◆ **What you are asked to do**: Copy the data that follows exactly as it is, excluding all pictures.

[Stored dataset items]

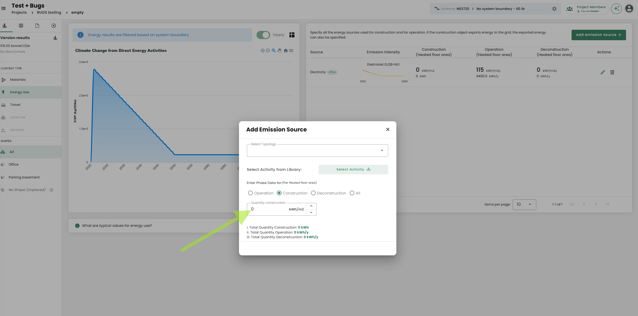 In Reduzer, emissions from energy use and machinery on the construction site can be added manually under Energy Use > Construction. There, you can choose whether to place the energy emissions under Operation, Construction, or Deconstruction. You’ll need to enter a value in kWh/m² and link it to a relevant activity from our library (see the screenshot for guidance). If you don’t have specific kWh data from your project, you can use our default estimates. However, please note that these are very rough and may not accurately reflect your project's actual energy use.
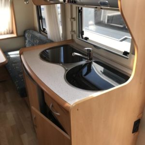 Erittäin kevyt (kokonaispaino vain 1 050 kg!) pikku- Hobby kahdella pöytäryhmällä! Molemmat sijattavissa vuoteiksi.
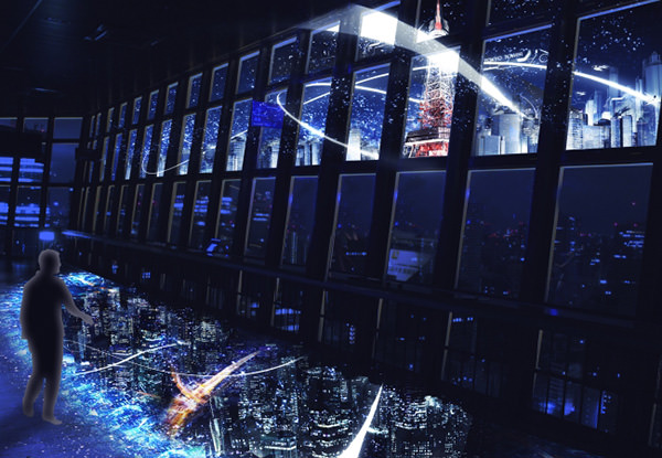 本イベントは、一昨年と昨年に続いて今年も開催が決定した。演出はクリエイティブカンパニーの株式会社ネイキッドが手掛けている。六本木・新宿方面では未来の東京夜景のイメージを映し出す「未来都市ウォークスルー」、東京湾方面では江戸時代から現代へ移り変わる東京の風景イメージを投影する「東京タイムトラベル」、皇居方面では眼前に広がるビルの輪郭と名称が表示される「マッピング夜景ガイド」を展開。大展望台フロア内では2カ所の床面に立体映像が投影され、錯覚を利用したトリック写真の要領での撮影も楽しめる。料金は大展望台までの展望料金のみ。
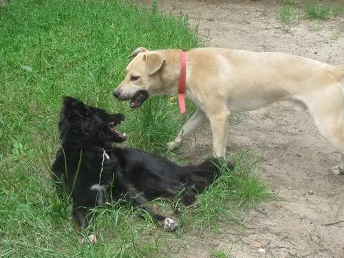 *Gajowa* Posted July 24, 2011 Posted July 24, 2011 Yoko jest bardzo niedelikatny, duża Onka Vega nie chce się z nim bawić :shake:, ucieka przed nim i chowa sie do budy. Wpuszczam mu na wybieg Viki niedużą sunię, która też początkowo nie akceptowała jego brutalnego podgryzania za kark i uciekała przed nim ale później zmieniła taktykę i zaczęła Yoko ustawiać :evil_lol:. Teraz fajnie sie bawią a Yoko stał sie bardziej delikatny Quote
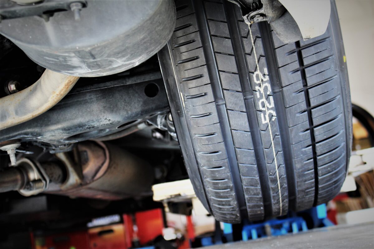 車高を落とし、タイヤ外径を変更。
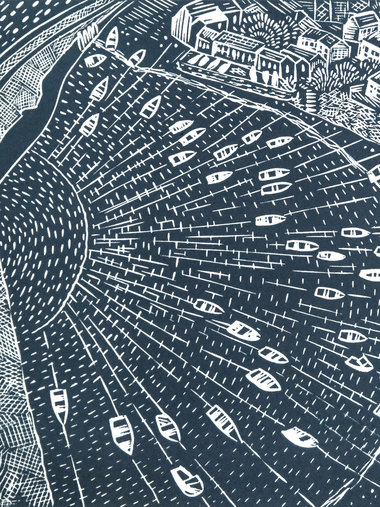 Printed onto the finest Somerset paper printed in Lino Lord's own 'Lugger Blue' ink, in association with Ironbridge Printmakers.
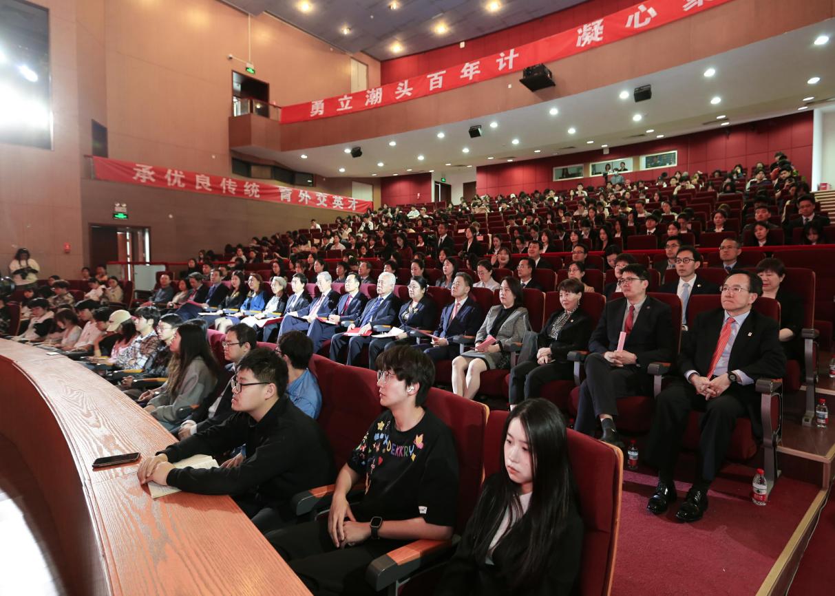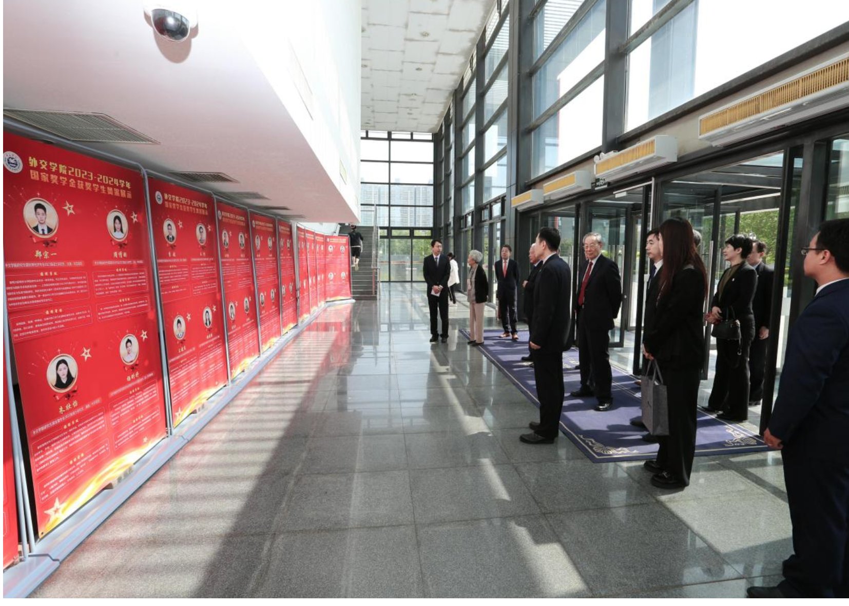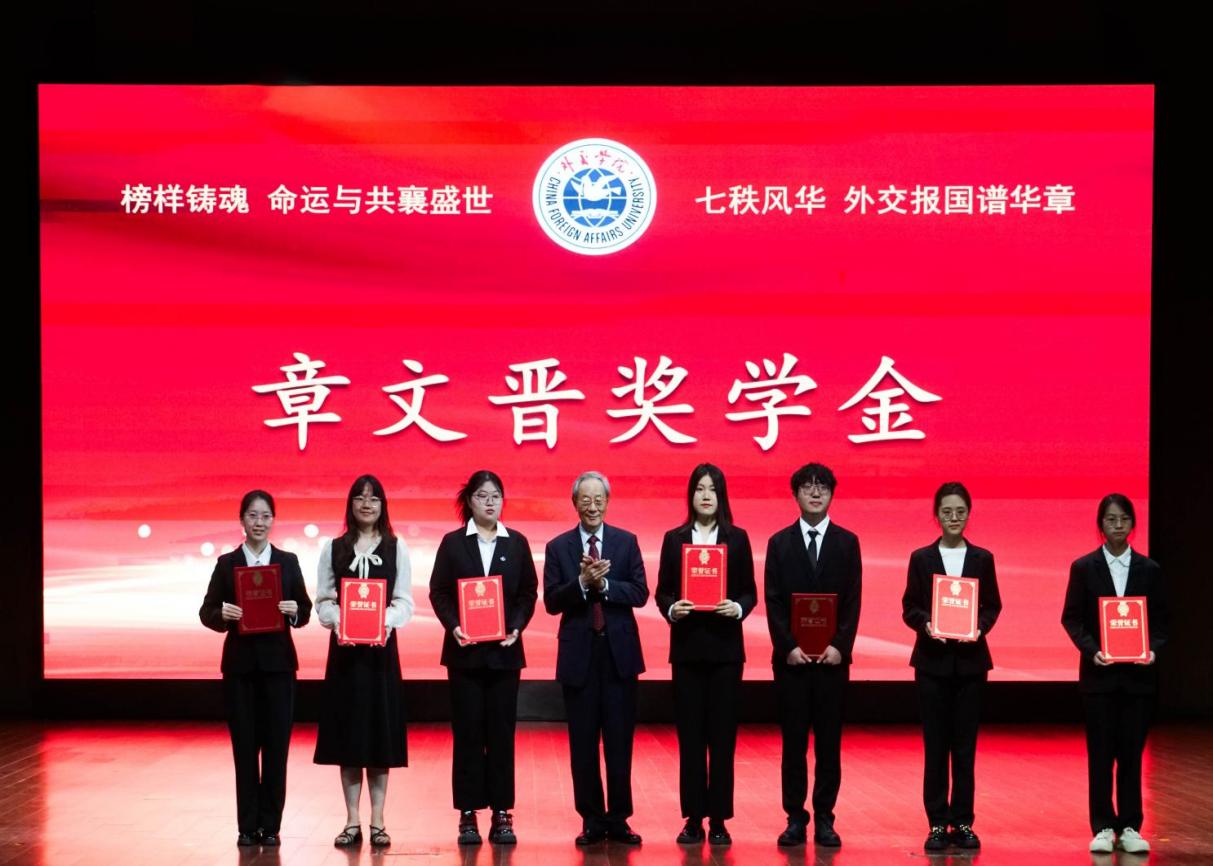 为扎实落实全国教育大会精神和外交青年“铸魂工程”建设,外交学院以习近平新时代中国特色社会主义思想培根铸魂,以推动构建人类命运共同体彰显青年使命与责任担当,以青春榜样的熠熠光彩献礼外院七十周年璀璨华诞,2025年5月7日在沙河校区隆重举办2025年“榜样铸魂,命运与共襄盛世;七秩风华,外交报国谱华章”主题教育活动暨2023-2024学年表彰大会。北京大鸾翔宇慈善基金会会长周秉德、章文晋奖学金捐赠方代表章百家等冠名奖学金捐赠方代表、全体校领导、院内各部门负责人出席大会。表彰大会开始前,王世廷书记、王帆院长等院领导会见了出席表彰大会的各冠名奖学金捐赠方嘉宾。
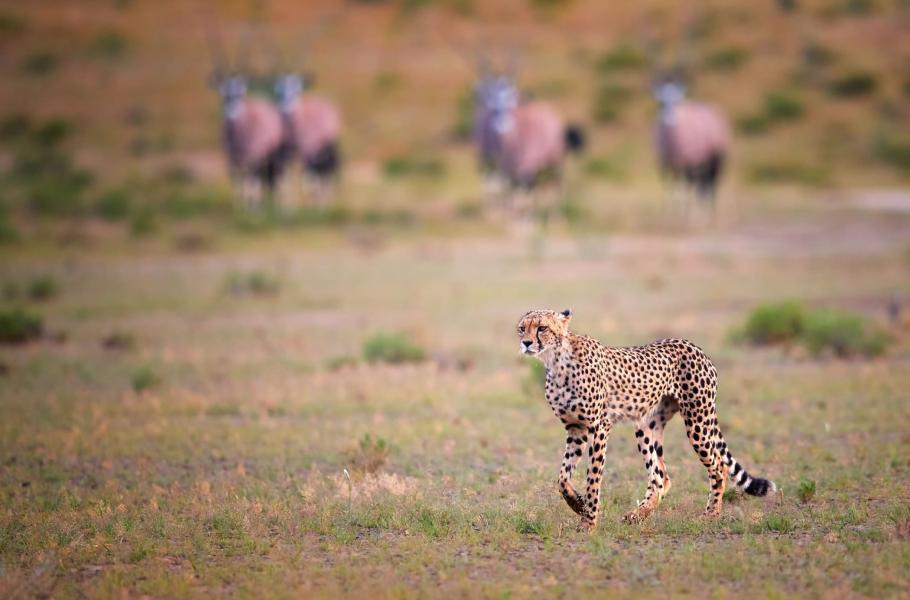 Specifický ekosystém Kgalagadi nabízí pohled na život přizpůsobený pouštním a polopouštním podmínkám. Rudé duny poprášené žlutě kvetoucím kotvičníkem v kontrastu modré oblohy a se stádem přímorožců nebo hlídkujícím gepardem na vrcholu, smečka lvů na lovu údolím, rodinka koček plavých, křehké antilopy i levhart na čekané. Večer dech beroucí západy slunce a noční divadlo na obloze.
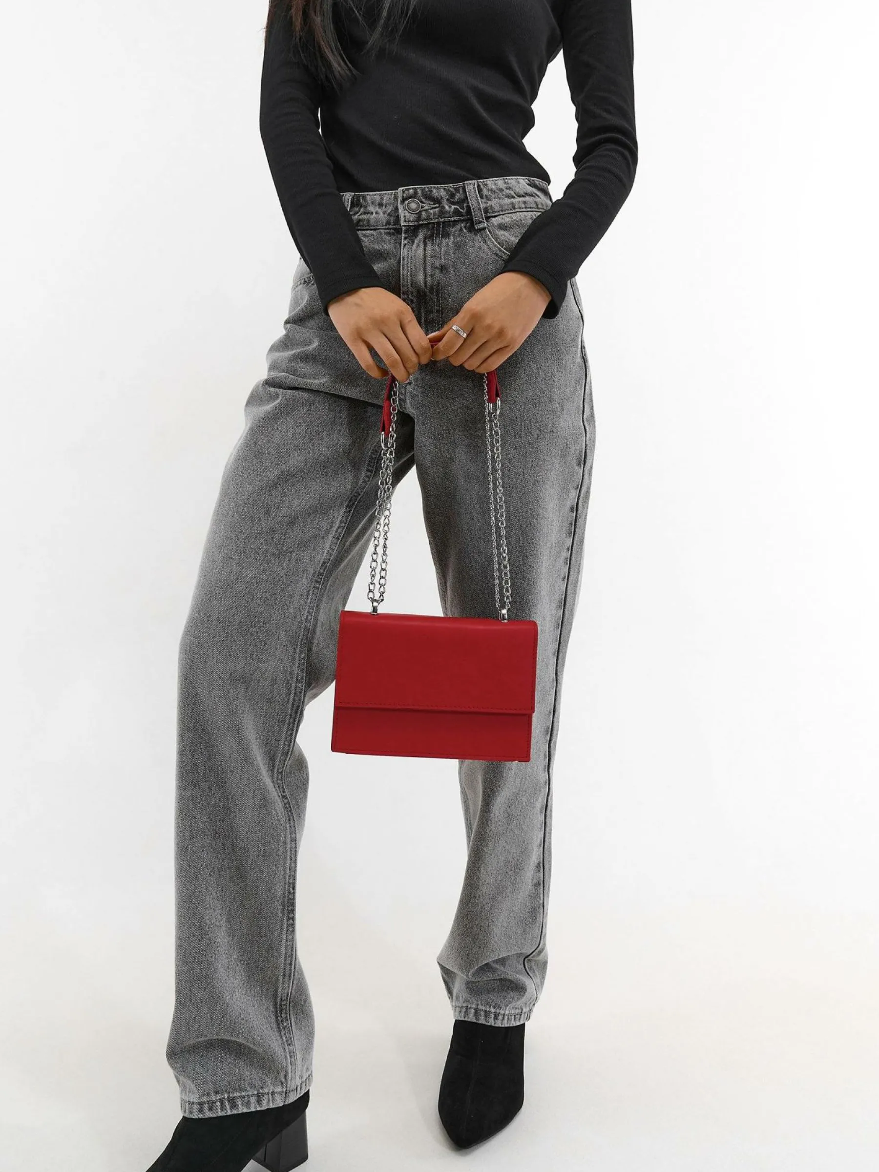 Kolor: czerwonyKrój: podstawowyTyp: torebkaPattern style: pojedynczy kolorDetal: na snapy, z łańcuchemMateriał: sztu…

◆ **Expected answer**:
 In Reduzer, emissions from energy use and machinery on the construction site can be added manually under Energy Use > Construction. There, you can choose whether to place the energy emissions under Operation, Construction, or Deconstruction. You’ll need to enter a value in kWh/m² and link it to a relevant activity from our library (see the screenshot for guidance). If you don’t have specific kWh data from your project, you can use our default estimates. However, please note that these are very rough and may not accurately reflect your project's actual energy use.
 Erittäin kevyt (kokonaispaino vain 1 050 kg!) pikku- Hobby kahdella pöytäryhmällä! Molemmat sijattavissa vuoteiksi.
 本イベントは、一昨年と昨年に続いて今年も開催が決定した。演出はクリエイティブカンパニーの株式会社ネイキッドが手掛けている。六本木・新宿方面では未来の東京夜景のイメージを映し出す「未来都市ウォークスルー」、東京湾方面では江戸時代から現代へ移り変わる東京の風景イメージを投影する「東京タイムトラベル」、皇居方面では眼前に広がるビルの輪郭と名称が表示される「マッピング夜景ガイド」を展開。大展望台フロア内では2カ所の床面に立体映像が投影され、錯覚を利用したトリック写真の要領での撮影も楽しめる。料金は大展望台までの展望料金のみ。
 *Gajowa* Posted July 24, 2011 Posted July 24, 2011 Yoko jest bardzo niedelikatny, duża Onka Vega nie chce się z nim bawić :shake:, ucieka przed nim i chowa sie do budy. Wpuszczam mu na wybieg Viki niedużą sunię, która też początkowo nie akceptowała jego brutalnego podgryzania za kark i uciekała przed nim ale później zmieniła taktykę i zaczęła Yoko ustawiać :evil_lol:. Teraz fajnie sie bawią a Yoko stał sie bardziej delikatny Quote
 車高を落とし、タイヤ外径を変更。
 Printed onto the finest Somerset paper printed in Lino Lord's own 'Lugger Blue' ink, in association with Ironbridge Printmakers.
 为扎实落实全国教育大会精神和外交青年“铸魂工程”建设,外交学院以习近平新时代中国特色社会主义思想培根铸魂,以推动构建人类命运共同体彰显青年使命与责任担当,以青春榜样的熠熠光彩献礼外院七十周年璀璨华诞,2025年5月7日在沙河校区隆重举办2025年“榜样铸魂,命运与共襄盛世;七秩风华,外交报国谱华章”主题教育活动暨2023-2024学年表彰大会。北京大鸾翔宇慈善基金会会长周秉德、章文晋奖学金捐赠方代表章百家等冠名奖学金捐赠方代表、全体校领导、院内各部门负责人出席大会。表彰大会开始前,王世廷书记、王帆院长等院领导会见了出席表彰大会的各冠名奖学金捐赠方嘉宾。
 Specifický ekosystém Kgalagadi nabízí pohled na život přizpůsobený pouštním a polopouštním podmínkám. Rudé duny poprášené žlutě kvetoucím kotvičníkem v kontrastu modré oblohy a se stádem přímorožců nebo hlídkujícím gepardem na vrcholu, smečka lvů na lovu údolím, rodinka koček plavých, křehké antilopy i levhart na čekané. Večer dech beroucí západy slunce a noční divadlo na obloze.
 Kolor: czerwonyKrój: podstawowyTyp: torebkaPattern style: pojedynczy kolorDetal: na snapy, z łańcuchemMateriał: sztu…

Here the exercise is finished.